Problem details. Once you find the line with "某班数学课外活动小组的同学欲" in the listing below, set down exactly every line from it through the line with "자유로운 요양클 사랑해키루야에서", but no pictures.

Extracted entries.
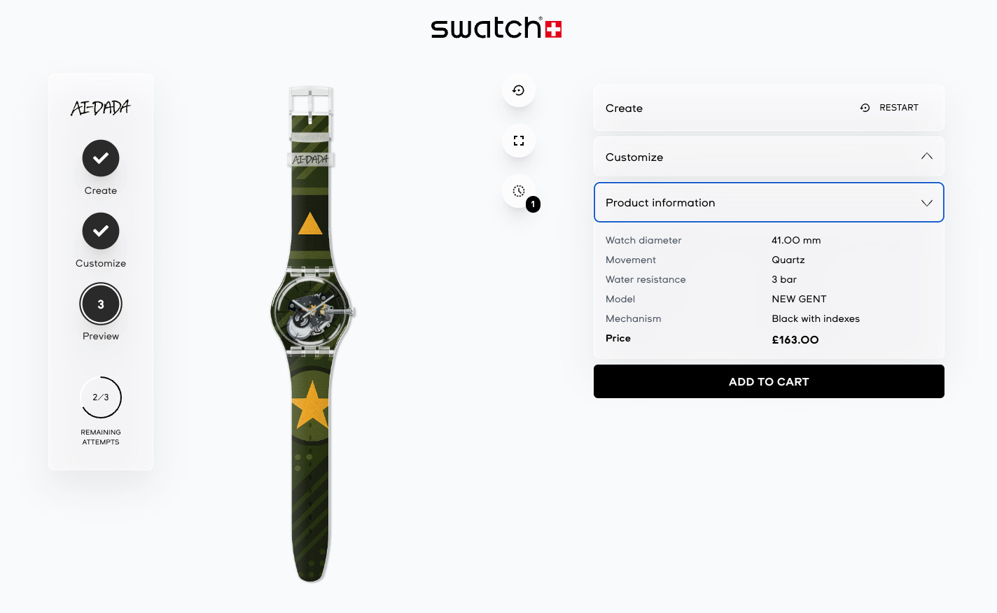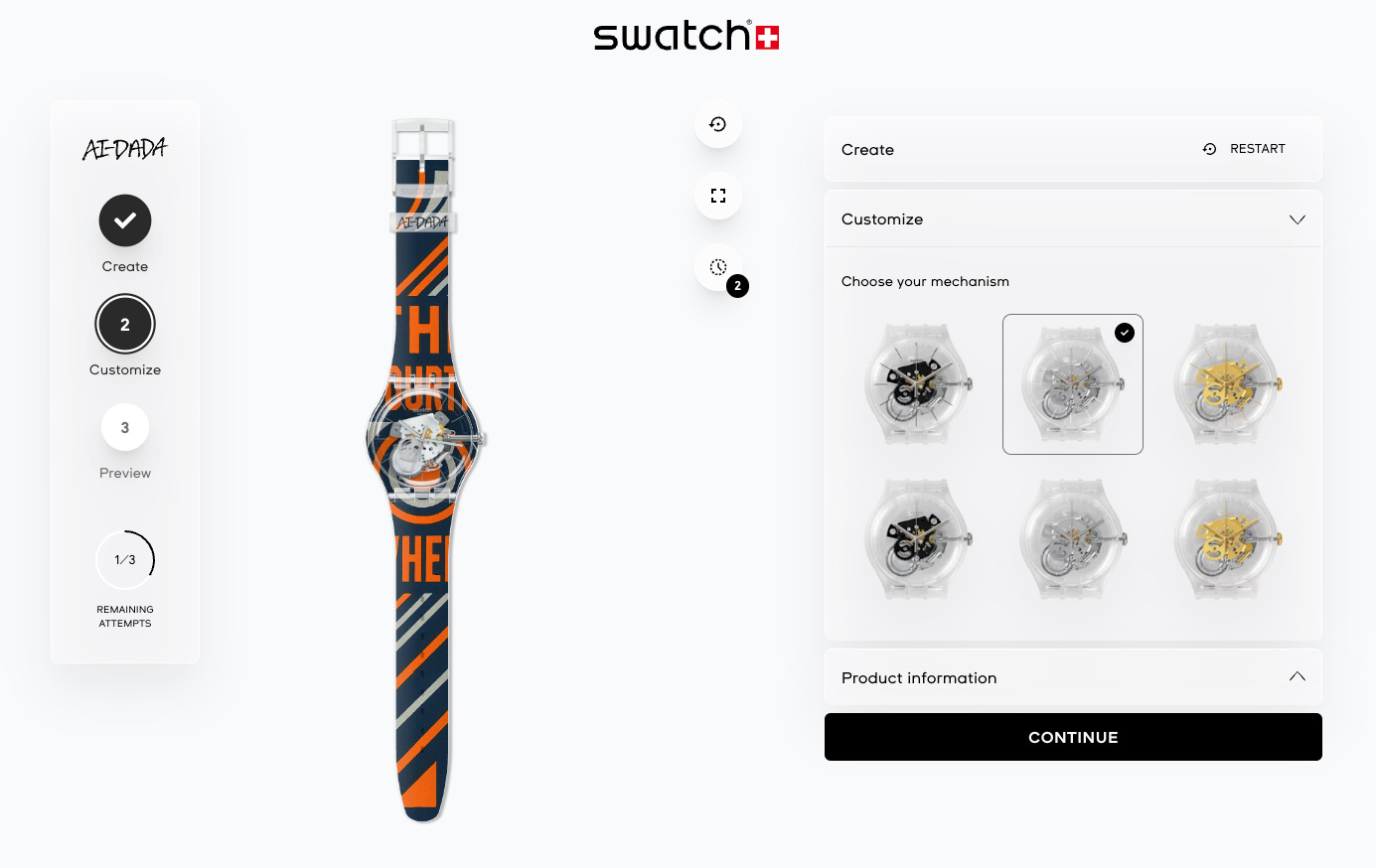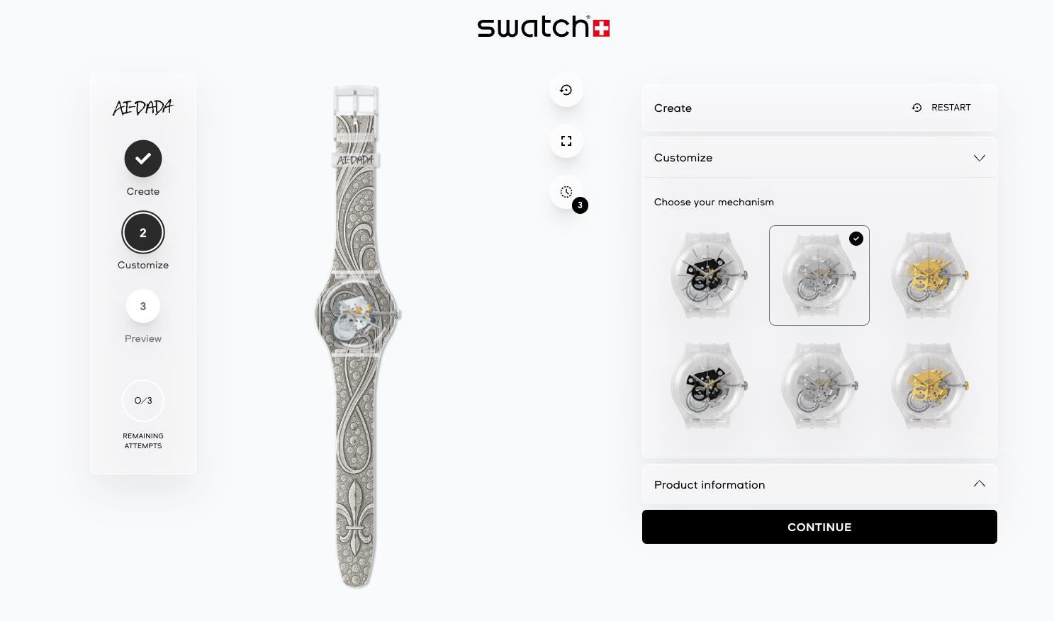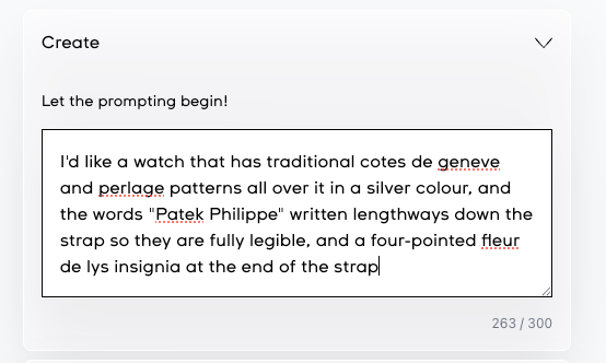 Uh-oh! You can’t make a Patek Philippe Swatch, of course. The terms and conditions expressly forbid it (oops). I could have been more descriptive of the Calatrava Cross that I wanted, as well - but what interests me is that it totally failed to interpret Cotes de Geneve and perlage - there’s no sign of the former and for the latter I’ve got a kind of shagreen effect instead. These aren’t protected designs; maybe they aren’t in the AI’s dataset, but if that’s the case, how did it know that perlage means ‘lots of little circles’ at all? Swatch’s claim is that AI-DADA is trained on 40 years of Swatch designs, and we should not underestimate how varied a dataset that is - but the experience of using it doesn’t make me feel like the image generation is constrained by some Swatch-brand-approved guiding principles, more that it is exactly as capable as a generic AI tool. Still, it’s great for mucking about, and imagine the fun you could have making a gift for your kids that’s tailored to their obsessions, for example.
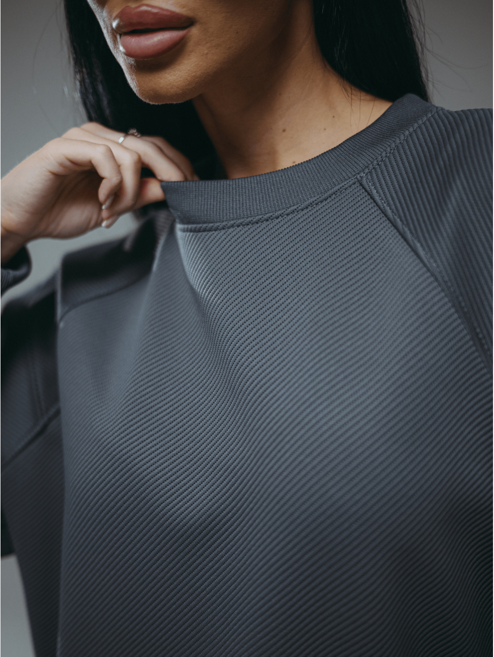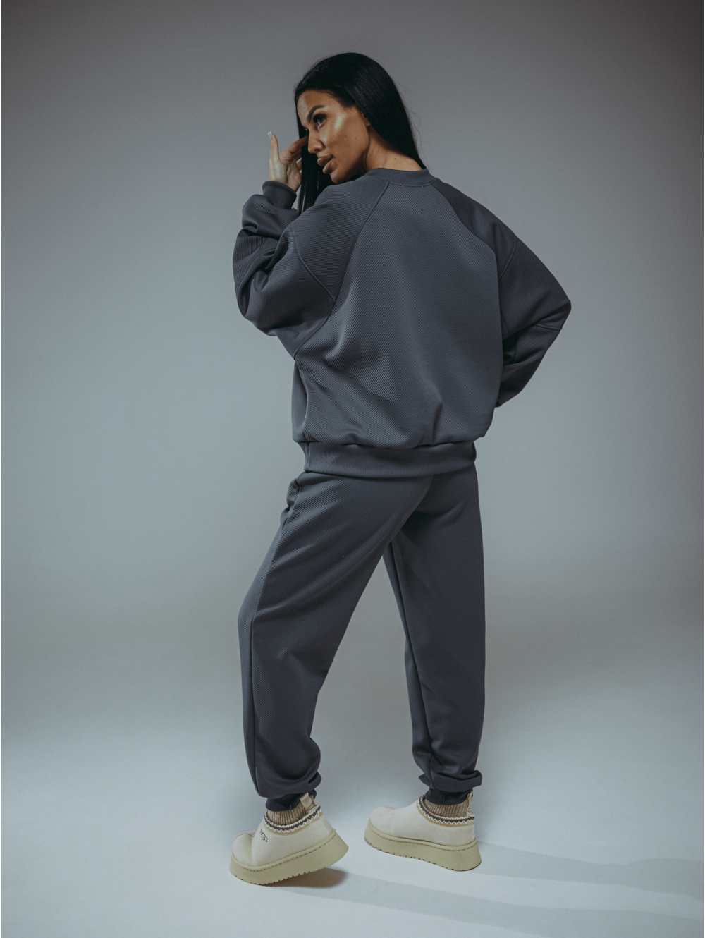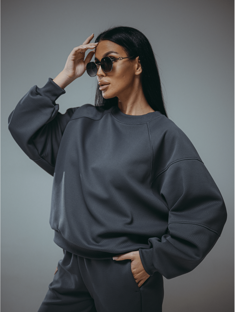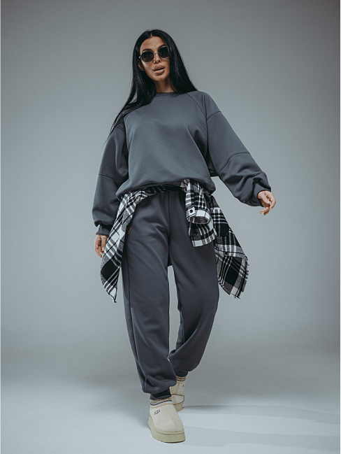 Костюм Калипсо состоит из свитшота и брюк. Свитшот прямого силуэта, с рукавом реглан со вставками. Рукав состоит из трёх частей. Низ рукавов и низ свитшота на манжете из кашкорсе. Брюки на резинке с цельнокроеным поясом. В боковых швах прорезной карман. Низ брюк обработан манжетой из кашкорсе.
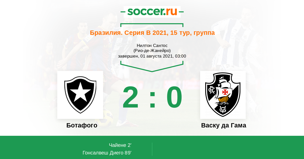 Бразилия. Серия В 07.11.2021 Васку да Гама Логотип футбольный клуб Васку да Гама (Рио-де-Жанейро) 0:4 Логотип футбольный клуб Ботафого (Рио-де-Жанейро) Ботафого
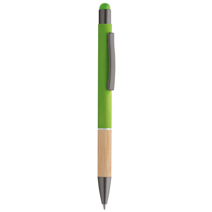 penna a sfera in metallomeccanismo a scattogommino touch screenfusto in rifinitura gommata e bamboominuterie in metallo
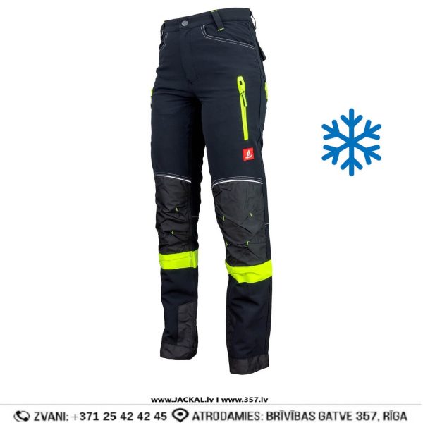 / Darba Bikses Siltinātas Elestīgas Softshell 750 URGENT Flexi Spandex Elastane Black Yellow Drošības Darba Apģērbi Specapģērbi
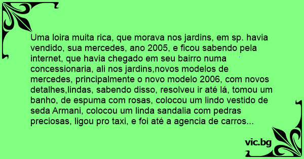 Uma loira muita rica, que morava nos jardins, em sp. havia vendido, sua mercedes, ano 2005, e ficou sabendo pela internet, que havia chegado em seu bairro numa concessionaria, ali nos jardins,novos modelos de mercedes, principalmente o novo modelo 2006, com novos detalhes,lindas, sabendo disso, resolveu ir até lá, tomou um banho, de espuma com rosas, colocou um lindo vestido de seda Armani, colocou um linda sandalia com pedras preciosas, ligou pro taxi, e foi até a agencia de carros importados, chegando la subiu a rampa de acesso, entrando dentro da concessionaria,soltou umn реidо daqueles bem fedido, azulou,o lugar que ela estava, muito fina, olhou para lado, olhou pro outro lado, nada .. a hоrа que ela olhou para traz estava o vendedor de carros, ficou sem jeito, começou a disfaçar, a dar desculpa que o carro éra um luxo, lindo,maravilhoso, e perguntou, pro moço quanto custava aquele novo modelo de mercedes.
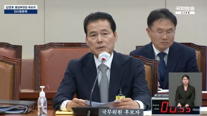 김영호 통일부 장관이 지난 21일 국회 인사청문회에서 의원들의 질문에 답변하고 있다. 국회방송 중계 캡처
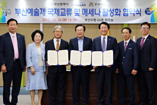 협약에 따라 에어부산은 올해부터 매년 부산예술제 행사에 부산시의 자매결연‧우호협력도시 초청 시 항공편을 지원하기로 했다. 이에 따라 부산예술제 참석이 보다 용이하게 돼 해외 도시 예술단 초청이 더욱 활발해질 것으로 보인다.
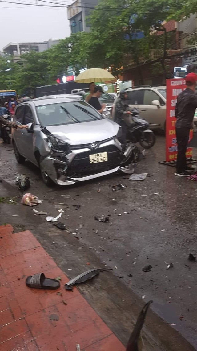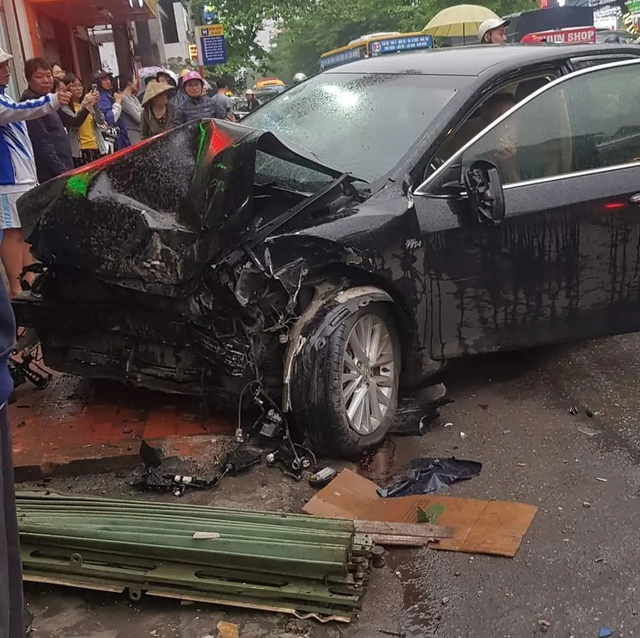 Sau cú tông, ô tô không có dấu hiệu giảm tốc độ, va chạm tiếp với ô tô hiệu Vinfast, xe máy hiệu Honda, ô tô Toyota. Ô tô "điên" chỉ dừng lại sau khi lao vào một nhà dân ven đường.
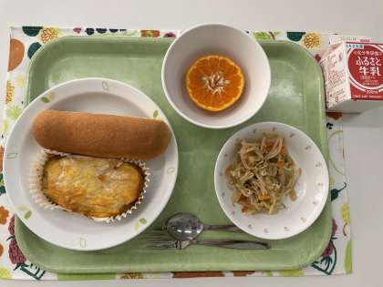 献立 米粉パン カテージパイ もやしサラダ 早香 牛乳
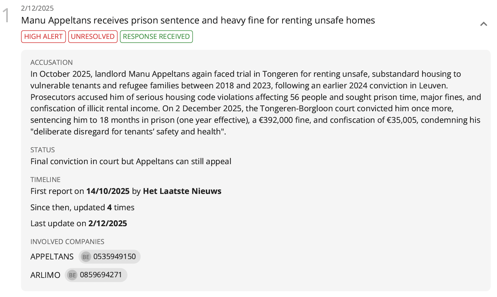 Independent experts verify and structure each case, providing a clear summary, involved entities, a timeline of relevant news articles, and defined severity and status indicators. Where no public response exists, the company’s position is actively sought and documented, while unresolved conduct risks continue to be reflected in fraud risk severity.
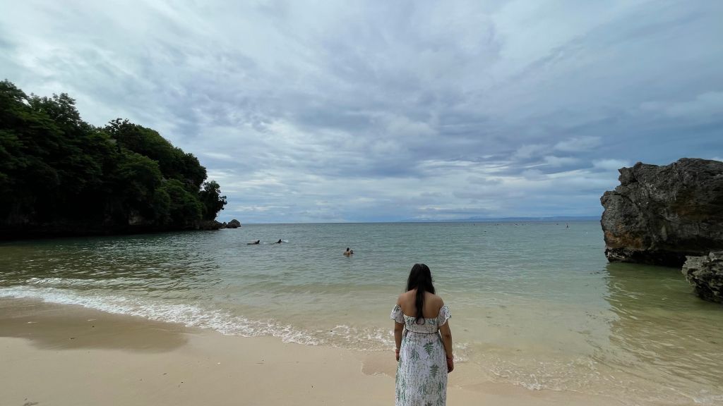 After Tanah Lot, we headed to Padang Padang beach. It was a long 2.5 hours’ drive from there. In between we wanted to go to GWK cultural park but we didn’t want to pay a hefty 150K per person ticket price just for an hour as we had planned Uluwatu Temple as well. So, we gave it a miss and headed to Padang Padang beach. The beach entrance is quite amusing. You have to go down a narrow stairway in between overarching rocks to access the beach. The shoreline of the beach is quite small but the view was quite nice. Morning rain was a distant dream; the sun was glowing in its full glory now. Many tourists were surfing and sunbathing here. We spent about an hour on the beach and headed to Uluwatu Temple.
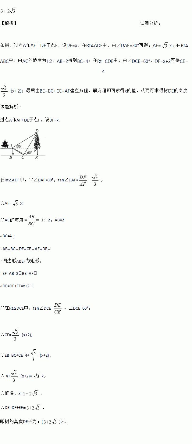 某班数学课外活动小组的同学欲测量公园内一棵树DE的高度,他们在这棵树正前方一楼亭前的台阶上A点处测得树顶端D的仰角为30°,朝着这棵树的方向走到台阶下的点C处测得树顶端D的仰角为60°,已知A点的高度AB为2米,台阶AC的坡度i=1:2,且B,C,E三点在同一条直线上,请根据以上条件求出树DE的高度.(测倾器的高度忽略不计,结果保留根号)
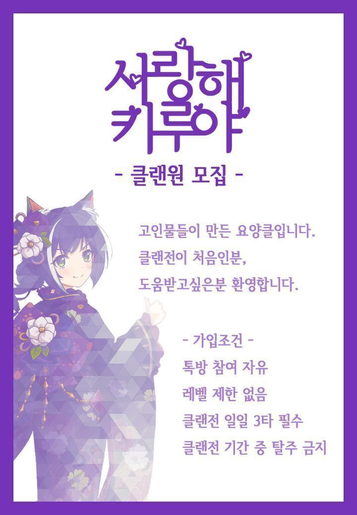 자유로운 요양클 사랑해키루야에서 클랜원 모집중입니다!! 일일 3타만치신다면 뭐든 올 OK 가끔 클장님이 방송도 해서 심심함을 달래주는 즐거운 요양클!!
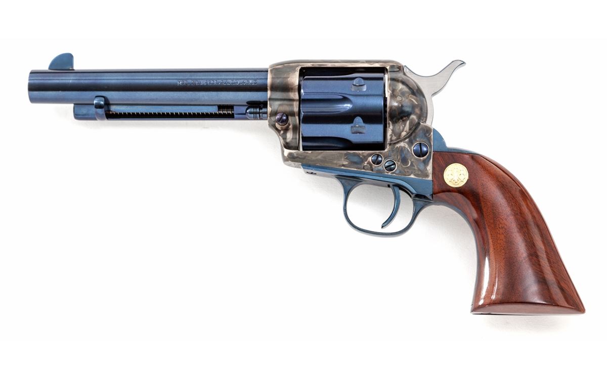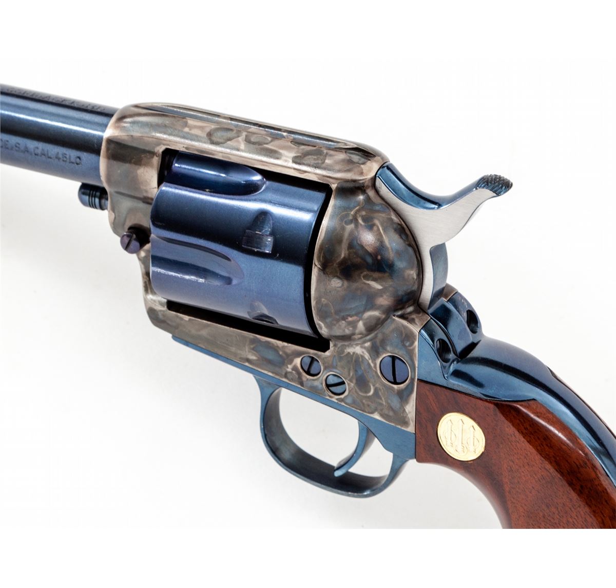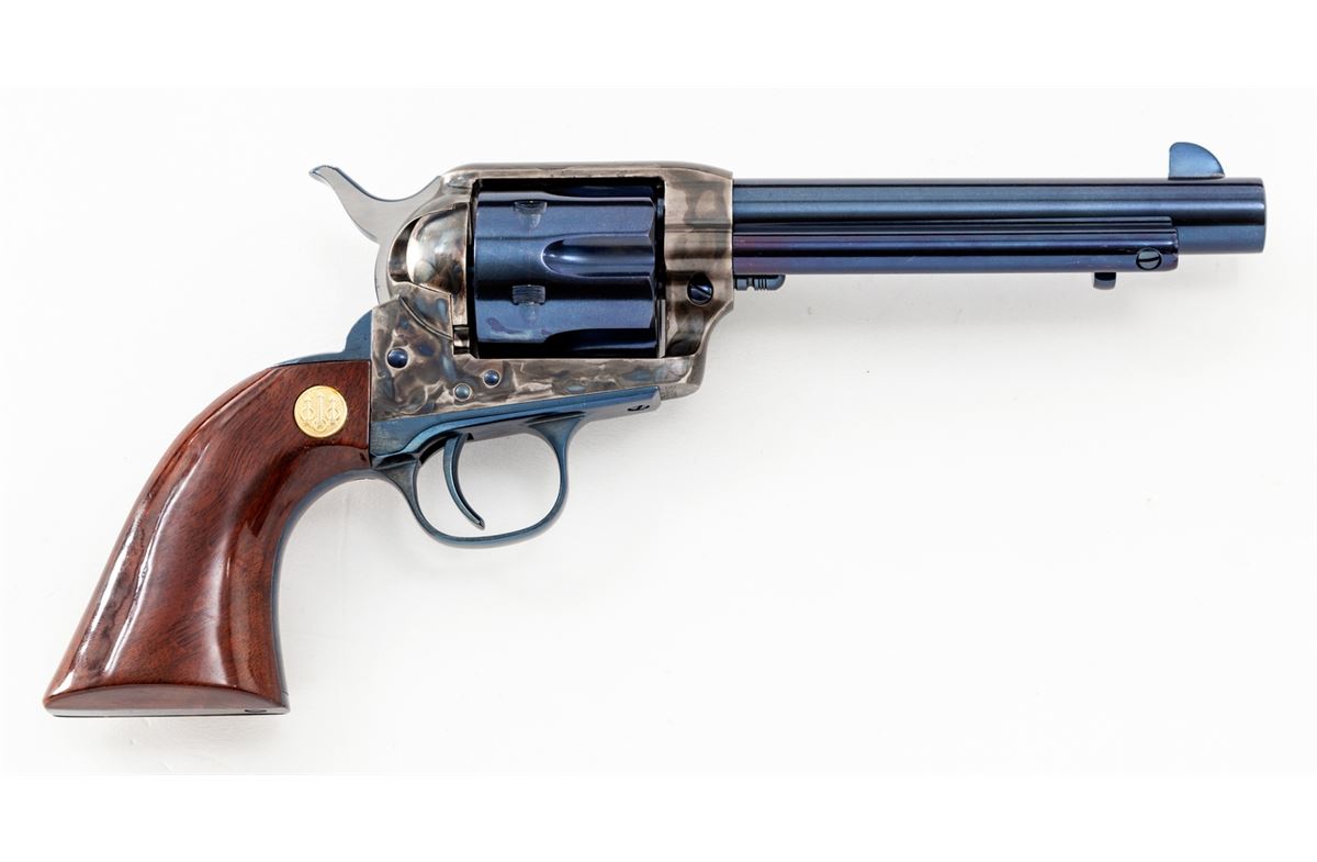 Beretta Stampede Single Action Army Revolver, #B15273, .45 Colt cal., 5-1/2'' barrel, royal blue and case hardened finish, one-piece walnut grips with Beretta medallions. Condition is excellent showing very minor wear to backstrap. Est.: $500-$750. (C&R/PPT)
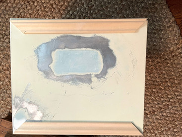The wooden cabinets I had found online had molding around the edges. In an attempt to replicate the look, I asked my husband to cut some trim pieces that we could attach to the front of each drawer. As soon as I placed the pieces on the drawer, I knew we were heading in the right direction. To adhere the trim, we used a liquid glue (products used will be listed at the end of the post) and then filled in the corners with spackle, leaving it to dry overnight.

Problem solution.
 某班数学课外活动小组的同学欲测量公园内一棵树DE的高度,他们在这棵树正前方一楼亭前的台阶上A点处测得树顶端D的仰角为30°,朝着这棵树的方向走到台阶下的点C处测得树顶端D的仰角为60°,已知A点的高度AB为2米,台阶AC的坡度i=1:2,且B,C,E三点在同一条直线上,请根据以上条件求出树DE的高度.(测倾器的高度忽略不计,结果保留根号)
 자유로운 요양클 사랑해키루야에서 클랜원 모집중입니다!! 일일 3타만치신다면 뭐든 올 OK 가끔 클장님이 방송도 해서 심심함을 달래주는 즐거운 요양클!!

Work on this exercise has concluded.